EU-Kommssion spricht von ungerechtfertigten Steuervorteilen

Amazon steht bereits seit vielen Jahren wegen seiner Geschäfts- und Steuerpraktiken im Visier der Behörden. 2017 stellte die EU-Kommission rechtswidrige staatliche Beihilfepraktiken fest. "Die Steuervorteile von Amazon in Luxemburg sind nach den EU-Beihilfevorschriften rechtswidrig", konstatierten die europäischen Wettbewerbshüter. Demzufolge habe der Online-Konzern von Mai 2006 bis Juni 2014 von nicht gerechtfertigten Steuervorteilen profitiert. Infolgedessen müsse Amazon Steuervorteile in Höhe von 250 Millionen Euro plus Zinsen zurückzahlen, verlangte die EU-Kommission.

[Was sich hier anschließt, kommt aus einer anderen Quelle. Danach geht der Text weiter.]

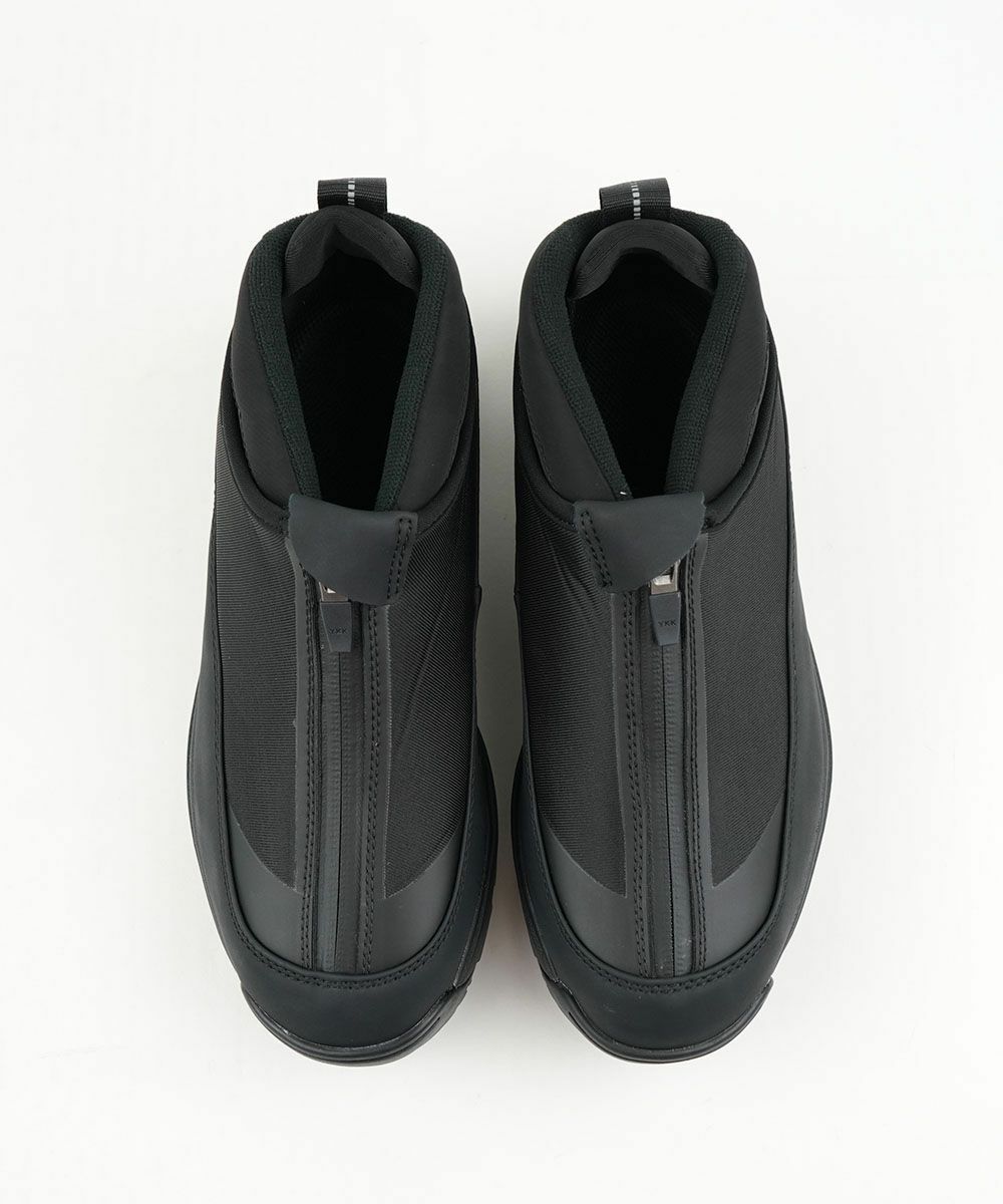 アッパーは着脱しやすいジッパーを搭載しながら、撥水加工を施したマテリアルで
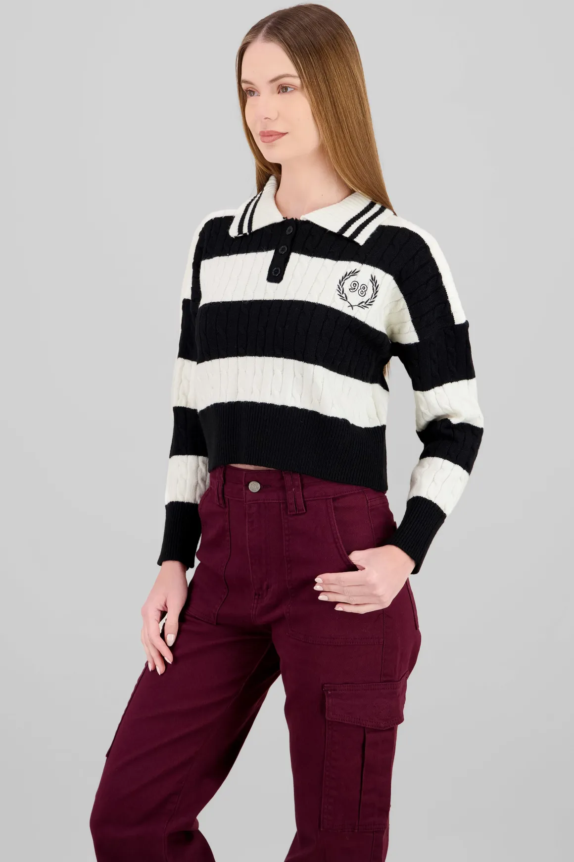 - Cuello polo que aporta un aire relajado y chic.

Amazon und der Staat Luxemburg legten Beschwerde gegen den Beschluss der EU-Kommission ein. Vor dem europäischen Gerichtshof bekamen sie im Mai 2021 Recht. Die Richter stellten fest, dass sich Amazon mit seiner Firmenkonstruktion in Luxemburg keinen unrechtmäßigen Vorteil verschafft habe und deshalb die Entscheidung in vollem Umfang für nichtig erklärt werden müsse.

Die EU-Kommission legte im Juli 2021 postwendend Rechtsmittel gegen dieses Urteil ein. Die Begründung der Richter in Luxemburg sei widersprüchlich und unzulänglich. Außerdem habe das Gericht seine Zuständigkeit zur gerichtlichen Nachprüfung überschritten, was einen Verfahrensfehler und einen Verstoß gegen die Verteidigungsrechte der Kommission bedeute und den Beschluss verfälsche. Das Verfahren läuft noch.

Luxemburg - Steuerparadies mitten in Europa

Die Steuerpraktiken Luxemburgs stehen seit Jahren in der Kritik. 2014 waren im Zuge von "LuxLeaks" Dokumente veröffentlicht worden, die belegten, dass hunderte internationale Konzerne, darunter Amazon, mit den luxemburgischen Steuerbehörden 'spezielle Vereinbarungen' über ihre Besteuerung geschlossen hatten. Der Vorwurf: Profite seien über Grenzen hinweg verschoben und Verluste in Luxemburg angehäuft worden. Das habe im Endeffekt zu einer sehr geringen Steuerbelastung geführt.

Dem ehemaligen EU-Kommissionsvorsitzenden Jean Claude Juncker wird vorgeworfen, in Luxemburg eine Steueroase für internationale Konzerne geschaffen zu haben.
Dem ehemaligen EU-Kommissionsvorsitzenden Jean Claude Juncker wird vorgeworfen, in Luxemburg eine Steueroase für internationale Konzerne geschaffen zu haben.
Foto: Alexandros Michailidis - shutterstock.com

Im Zentrum des Skandals stand der langjährige EU-Kommissionspräsident und Luxemburgs Premierminister Jean-Claude Juncker. Dem Politiker wurde vorgeworfen, in Luxemburg ein regelrechtes Steuerparadies geschaffen zu haben. Juncker dementierte und beteuerte vor dem LuxLeaks-Sonderausschuss, die Steuerverwaltung in Luxemburg habe lediglich geltendes Recht angewandt.

Die Vorwürfe dubioser Steuer-Deals sind allerdings längst nicht vom Tisch. Die Wettbewerbshüter dürften auch Amazon kaum vom Haken lassen. Der "Guardian" berief sich im vergangenen Jahr auf Aussagen von Bob Comfort, der von 2000 bis 2011 Amazons Steuerabteilung geleitet hatte. Juncker habe Comfort persönlich seine Hilfe angeboten, heißt es in dem Bericht. Wenn Probleme auftauchten, solle er sich an Juncker wenden. Er werde versuchen zu helfen. Comfort wurde später zum luxemburgischen Honorarkonsul in Seattle ernannt, dem Sitz der US-Zentrale von Amazon.